9 surprising consequences of the COVID-19 pandemic — so far

No matter where we turn these days, coronavirus (COVID-19), is on everyone’s mind. Family members, neighbors, friends and 99% of people on Facebook want to talk to nurses about it.

And for good reason.

The virus is impacting communities big and small nationwide. Globally, the number of cases and fatalities continues to climb. Throughout the disease’s progression across continents, nurses have been at the forefront of care. That is what the public tends to expect from nursing professionals. But many developments have shocked us all.

Here are 9 unexpected twists that COVID-19 has taken — so far:

From unknown to global crisis

On March 11, the WHO designated COVID-19 as a global pandemic, a declaration that has had widespread political and economic ramifications around the world. Three months earlier, no one had ever heard of the disease.

Disease grips Italy

Perhaps the hardest hit nation has been Italy, which has experienced more than 2,100 deaths. One nurse on the front lines in that country equated battling COVID-19 to facing a world war.

Life slows almost to a halt

The virus has closed schools, community centers and suspended the seasons of professional sports leagues.

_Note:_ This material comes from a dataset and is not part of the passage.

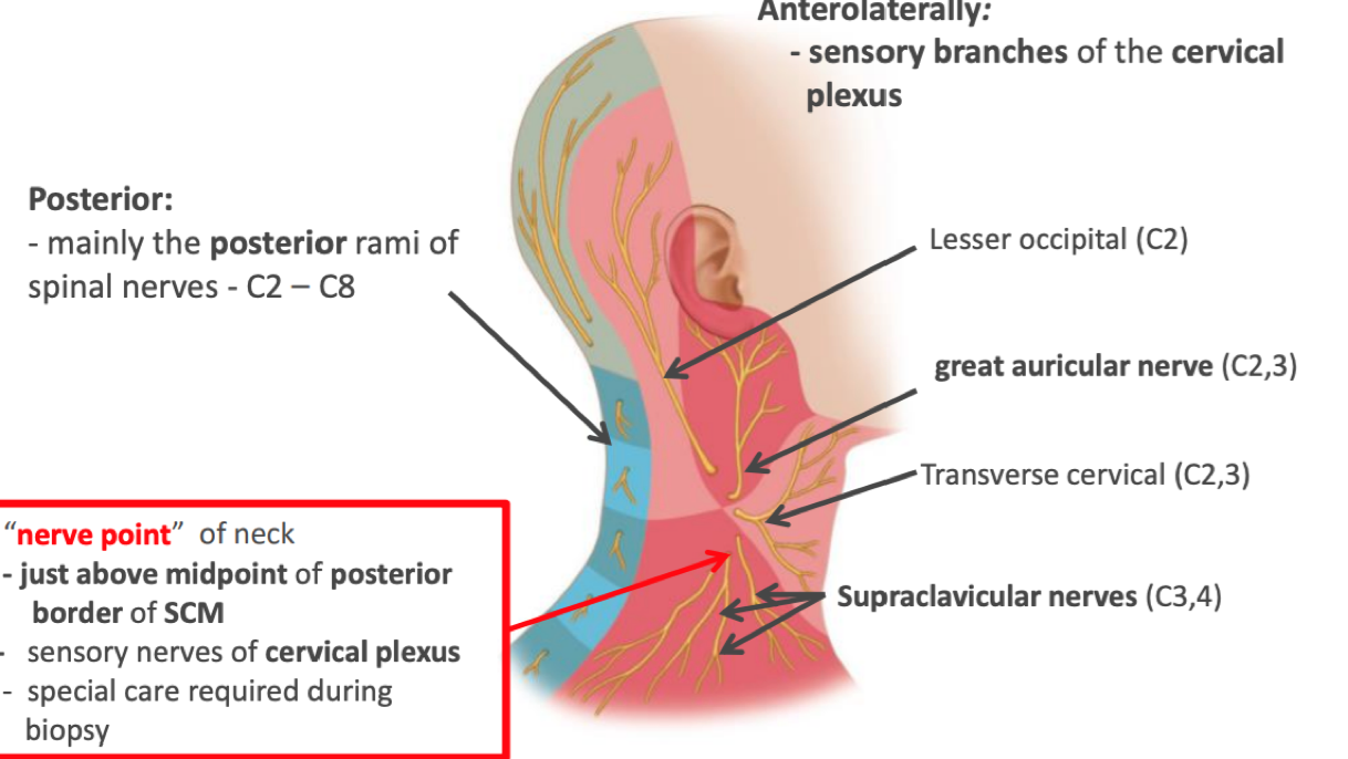 -just above the midpoint of the posterior border of the SCM (sternocleidomastoid muscle)
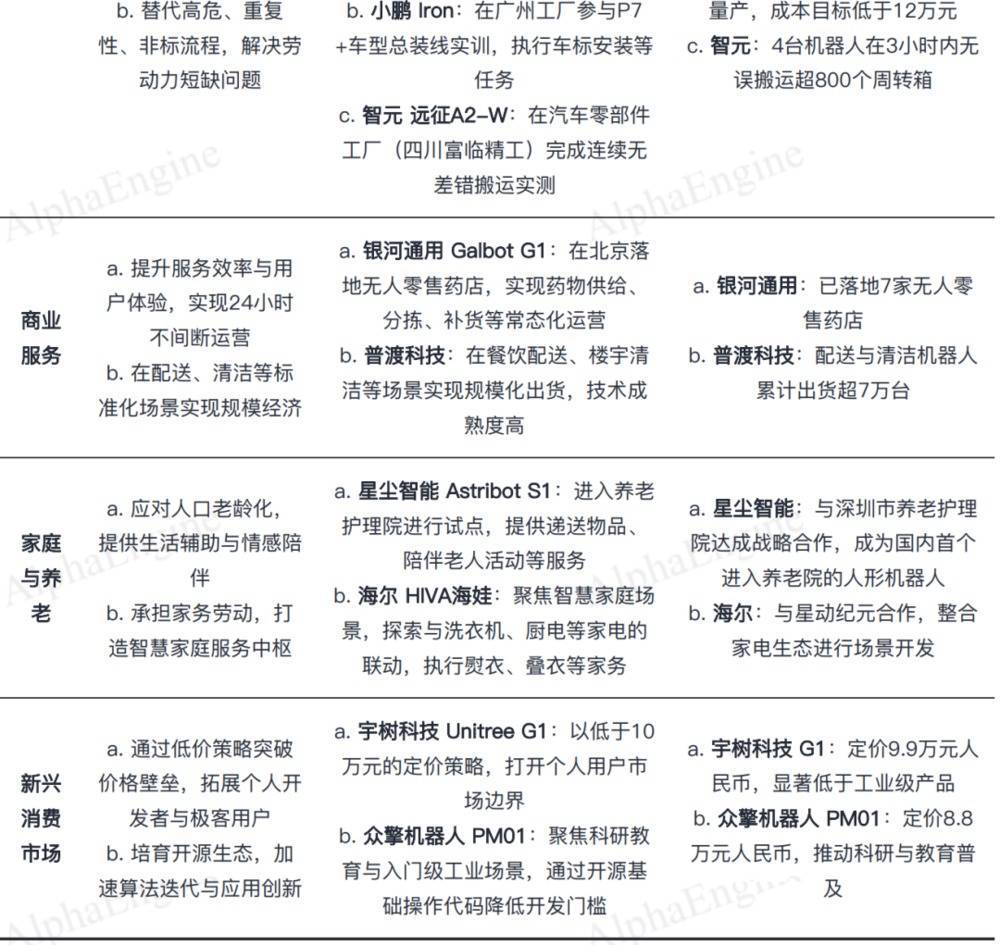 人形机器人产业化遵循“工业制造→商业服务→ 家庭服务”的场景递进路径。

It has caused restaurants and dining areas to close. Because of its rapid ability to spread, COVID-19 has led to a “complete lockdown,” of the San Francisco Bay Area that allows people to only leave their homes for essential needs. From east coast to west coast, our way of life has been drastically changed and social distancing is being touted as a way to save lives.

Sadness in Seattle

The picture of just how bad the virus is can be traced to Life Care Center in the Seattle suburb of Kirkland, Wash. As of March 13, COVID-19 had claimed the lives of 29 residents. Meanwhile, 30 of the remaining 43 residents tested positive, according to The Washington Post, along with 60 staff members.

Drive-through testing

Dozens of drive-through COVID-19 testing sites have popped up from California to New York. Medical experts in South Korea say this quick, free testing method has slowed the number of cases and fatalities, thanks to the ability to test approximately 250,000 residents in less than two months.

A run on respirators

As private citizens rushed to buy N95 respirators to protect themselves, that caused the supply to dwindle for American healthcare workers. That has led to the CDC to loosen guidelines for masks, upsetting many healthcare professionals who eventually will care for COVID-19 patients. While manufacturers try to replenish supplies and the federal government reviews ways to increase production, some local construction sites began offering to donate their N95 respirators to local hospitals.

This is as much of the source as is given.